Nothing but the lines below from the first through the one with "Located in Nanshan" should appear, printed exactly; please leave pictures out.

▶ DATA SEGMENT
>>

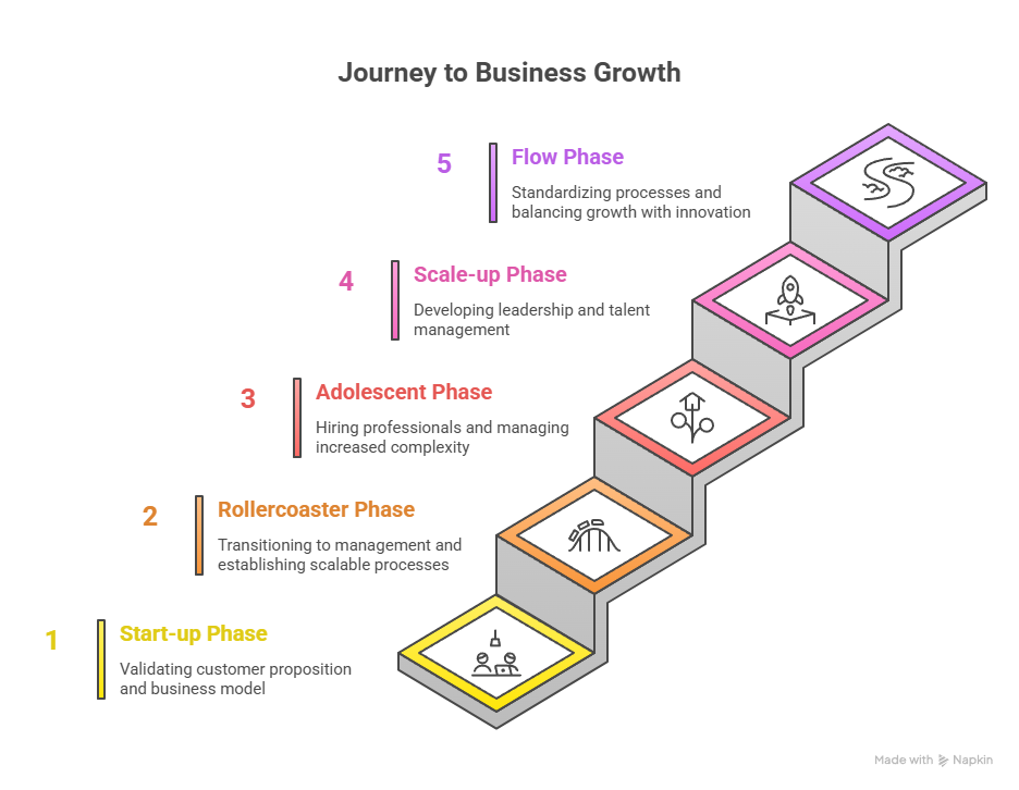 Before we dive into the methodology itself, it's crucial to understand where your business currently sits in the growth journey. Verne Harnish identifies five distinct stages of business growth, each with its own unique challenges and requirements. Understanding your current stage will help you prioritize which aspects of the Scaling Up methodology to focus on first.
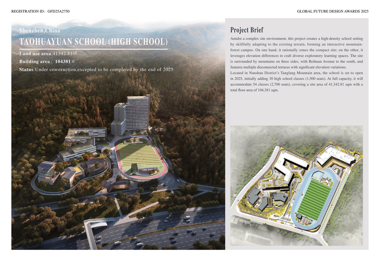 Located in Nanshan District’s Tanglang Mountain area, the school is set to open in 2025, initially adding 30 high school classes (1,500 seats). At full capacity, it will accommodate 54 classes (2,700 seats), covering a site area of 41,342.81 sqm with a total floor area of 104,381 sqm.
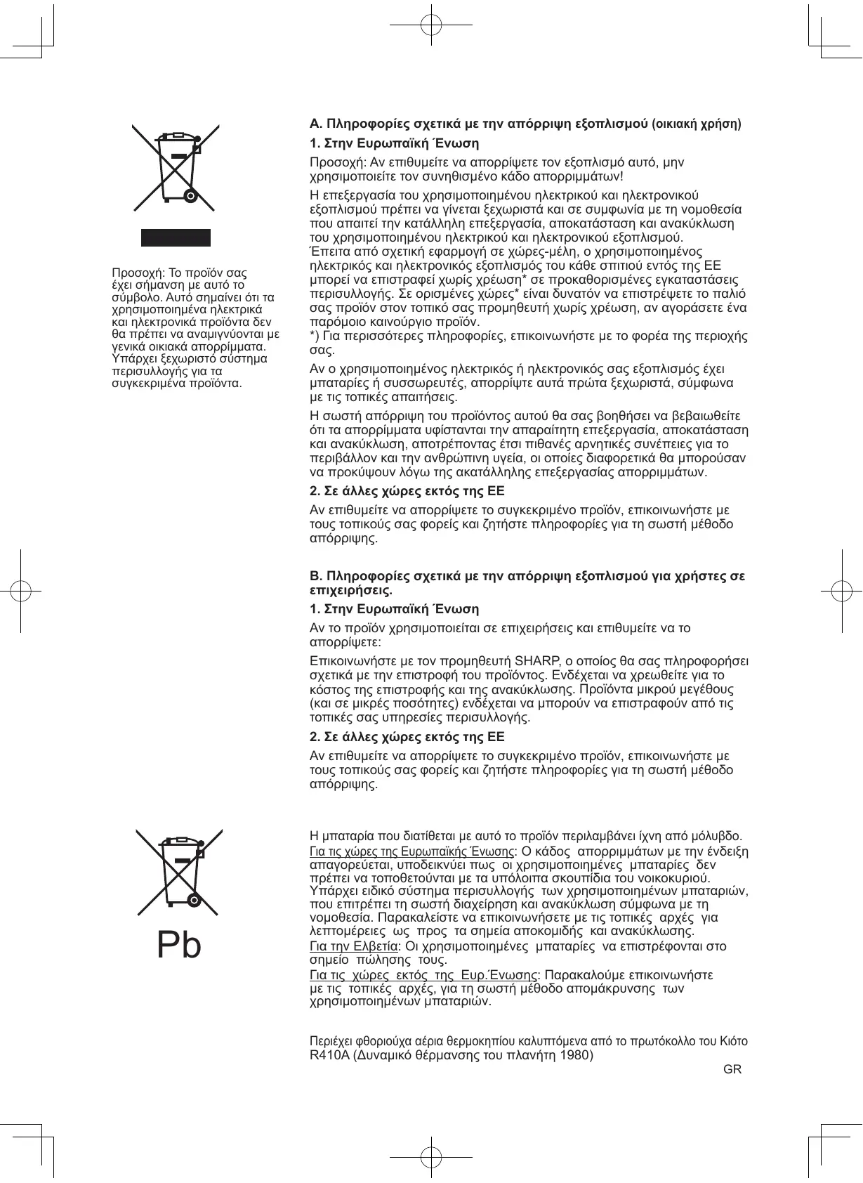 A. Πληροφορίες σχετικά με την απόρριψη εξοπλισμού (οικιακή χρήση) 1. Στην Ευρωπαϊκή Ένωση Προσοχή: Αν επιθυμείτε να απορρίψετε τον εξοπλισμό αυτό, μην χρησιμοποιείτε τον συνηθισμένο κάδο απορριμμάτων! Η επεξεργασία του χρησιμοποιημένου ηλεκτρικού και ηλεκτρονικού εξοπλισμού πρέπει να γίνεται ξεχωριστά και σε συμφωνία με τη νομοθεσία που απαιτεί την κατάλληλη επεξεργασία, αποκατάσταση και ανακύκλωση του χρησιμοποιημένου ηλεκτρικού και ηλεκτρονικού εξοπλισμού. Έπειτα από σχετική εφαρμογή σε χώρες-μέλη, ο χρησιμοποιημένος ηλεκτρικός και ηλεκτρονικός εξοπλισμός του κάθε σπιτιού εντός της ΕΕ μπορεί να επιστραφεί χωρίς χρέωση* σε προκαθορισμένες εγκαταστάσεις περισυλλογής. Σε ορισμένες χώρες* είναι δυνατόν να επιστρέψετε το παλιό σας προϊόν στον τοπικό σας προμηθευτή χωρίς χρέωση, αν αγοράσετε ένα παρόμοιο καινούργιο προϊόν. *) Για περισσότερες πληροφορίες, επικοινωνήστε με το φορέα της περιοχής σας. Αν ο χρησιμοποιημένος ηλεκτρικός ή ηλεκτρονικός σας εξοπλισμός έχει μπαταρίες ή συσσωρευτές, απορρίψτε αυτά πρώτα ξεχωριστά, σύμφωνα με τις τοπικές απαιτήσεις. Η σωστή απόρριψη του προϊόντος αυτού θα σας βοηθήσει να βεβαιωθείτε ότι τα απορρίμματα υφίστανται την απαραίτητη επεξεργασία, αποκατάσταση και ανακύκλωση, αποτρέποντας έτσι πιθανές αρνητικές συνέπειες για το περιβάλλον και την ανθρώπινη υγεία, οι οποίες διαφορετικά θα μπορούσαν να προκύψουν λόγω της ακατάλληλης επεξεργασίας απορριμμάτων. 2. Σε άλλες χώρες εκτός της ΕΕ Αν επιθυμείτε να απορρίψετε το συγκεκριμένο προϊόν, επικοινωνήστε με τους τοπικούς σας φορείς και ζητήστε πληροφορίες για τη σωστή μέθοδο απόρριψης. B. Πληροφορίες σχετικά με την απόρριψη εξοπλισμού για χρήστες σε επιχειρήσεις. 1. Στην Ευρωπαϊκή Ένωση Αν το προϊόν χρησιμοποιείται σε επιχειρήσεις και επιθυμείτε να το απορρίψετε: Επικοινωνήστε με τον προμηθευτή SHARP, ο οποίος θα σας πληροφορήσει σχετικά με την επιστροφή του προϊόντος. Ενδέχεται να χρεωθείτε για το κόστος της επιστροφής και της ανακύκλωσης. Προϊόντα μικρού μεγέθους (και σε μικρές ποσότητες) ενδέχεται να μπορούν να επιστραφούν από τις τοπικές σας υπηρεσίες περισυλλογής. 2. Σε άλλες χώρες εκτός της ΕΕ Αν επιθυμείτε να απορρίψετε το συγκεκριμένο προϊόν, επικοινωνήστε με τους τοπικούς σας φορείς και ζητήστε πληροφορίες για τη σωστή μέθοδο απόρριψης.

<<

▶ EXERCISE ANSWER
 Before we dive into the methodology itself, it's crucial to understand where your business currently sits in the growth journey. Verne Harnish identifies five distinct stages of business growth, each with its own unique challenges and requirements. Understanding your current stage will help you prioritize which aspects of the Scaling Up methodology to focus on first.
 Located in Nanshan District’s Tanglang Mountain area, the school is set to open in 2025, initially adding 30 high school classes (1,500 seats). At full capacity, it will accommodate 54 classes (2,700 seats), covering a site area of 41,342.81 sqm with a total floor area of 104,381 sqm.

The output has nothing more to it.